NSAID Hope for Postmenopausal Breast Cancer Recurrence Risk Reduction
Obese women at risk of postmenopausal breast cancer recurrence may benefit from COX-2 inhibition
- Date: 14 Aug 2014
- Author: Lynda Williams, Senior medwireNews Reporter
- Topic: Breast Cancer, Early Stage / Cancer Aetiology, Epidemiology, Prevention / Translational Research
medwireNews: Daily use of non-steroidal anti-inflammatory drugs (NSAID) has the potential to reduce the risk of recurrent postmenopausal breast cancer in obese patients, US research suggests.
"Clinicians are finding that the five-year recurrence rate for postmenopausal women is much higher on aromatase inhibitors when the patient is obese," explained author Linda deGraffenried, from the University of Texas at Austin, in a press release.
"We would like to identify which women are most likely to benefit from interventions like adding NSAIDs to treatment regimens."
Findings from 440 women with invasive oestrogen receptor (ER)α-positive breast cancer indicated that the 159 women who used NSAIDs every day were 52% less likely to develop local, contralateral, distant or metastatic recurrence than the 281 non-users.
And the reduced risk of recurrence with daily aspirin, ibuprofen or a COX-2 inhibitor continued even after taking into consideration the use of other anti-inflammatory agents, such as statins or omega 3 fatty acids.
Women who took NSAIDs also had significantly longer disease-free survival than non-users, at 78.5 versus 50.6 months, reports the team in Cancer Research.
Furthermore, the majority of patients in the study were overweight (25.0–29.9 kg/m2) or obese (≥30 kg/m2); these individuals were 1.86 times more likely to experience recurrence than their counterparts with a normal BMI of 18.5 to 24.9 kg/m2.
The researchers also investigated potential mechanisms mediating the protective effect of NSAIDs in breast cancer patients using sera from breast cancer patients with a normal or obese BMI.
Cultured macrophages expressed higher levels of COX-2 after exposure to sera from obese patients than normal-weight patients and showed significantly higher levels of macrophage PGE2 production following sera removal.
The researchers explain that expression of these two factors are promoted by saturated fatty acids and that obese patient sera had significantly higher levels of saturated fatty acids and fatty acid substrates than sera taken from normal-weight patients.
In addition, pre-adipocytes cultured using media from macrophages grown in sera from obese patients had higher levels of aromatase expression than those cultured from normal-weight patient sera.

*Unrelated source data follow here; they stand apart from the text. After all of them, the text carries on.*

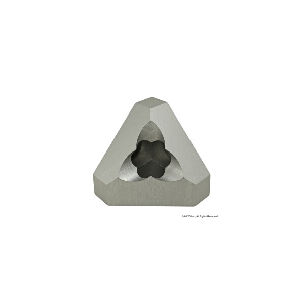 Triangular Corner Connector, Silver, Anodized, Overall Height 40 mm, Threaded, 8.3 mm, Socket Head Cap Screw (SHCS), Overall Width 40 mm, Fastener Thread Length 25 mm, Aluminum, Fastener Thread Size M8, Inside Corner Bracket Style Triangular, System of Measurement Metric, Triangular Corner Connector, For Profile Type Triple
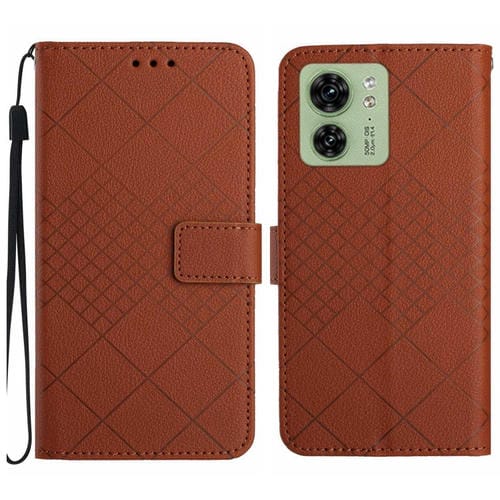 Funda de Cuero para Motorola Edge 40 con Textura de Rejilla Rómbica (Marrón)
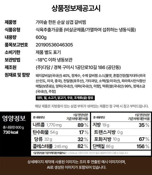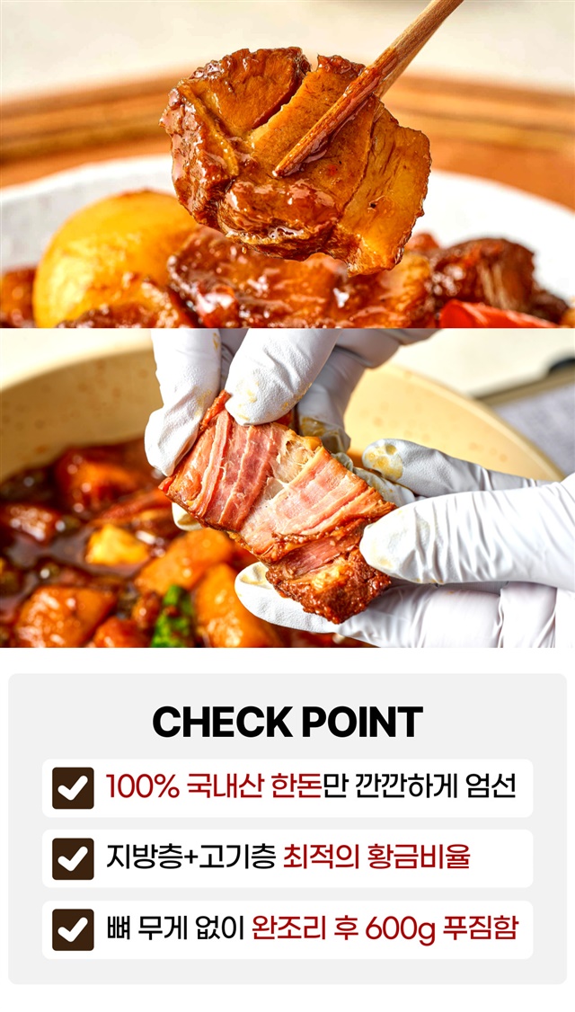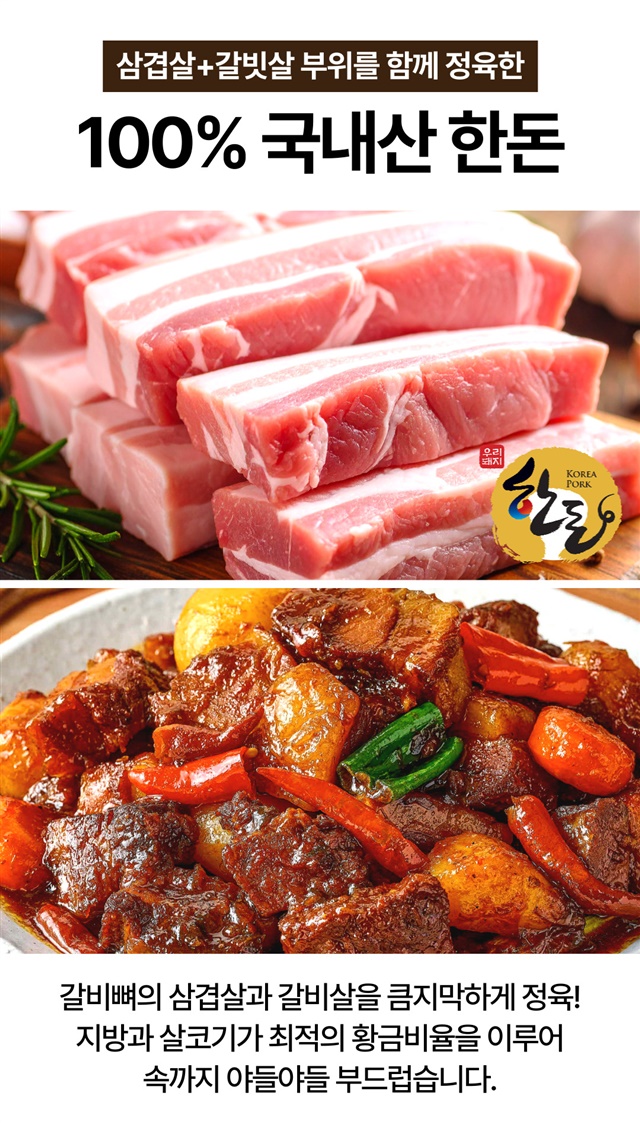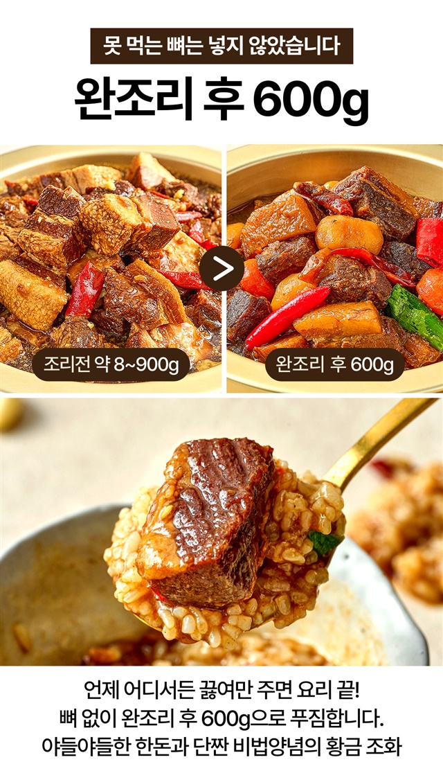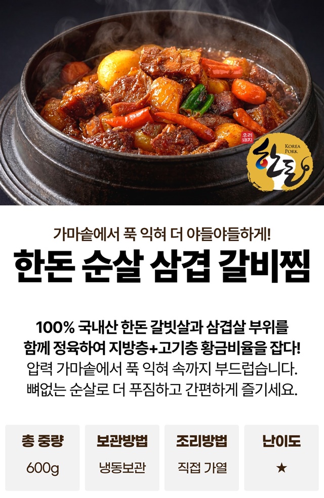 [100% 한돈] 가마솥 한돈 뼈없는 순살 삼겹 갈비찜 600g / 1팩

But treating the macrophages with the COX-2 inhibitor celecoxib neutralised this difference.
The increase in aromatase expression correlated with amplification of the pre-adipocyte oestradiol production in cells grown in sera from obese patients but adding the aromatase inhibitor anastrozole to the culture again negated the difference between cells grown in obese and normal-weight patient sera.
“Our current investigation strongly suggests that local estradiol production, induced by macrophage COX-2 activity, may be a key mediator in the link between obesity and postmenopausal, hormone-responsive breast cancer progression”, the researchers explain.
“This conclusion is supported by the clinical observation of a 52% lower recurrence rate and 28-month extension in time to recurrence with NSAID use in a largely overweight/obese and postmenopausal patient population with ERα-positive disease.”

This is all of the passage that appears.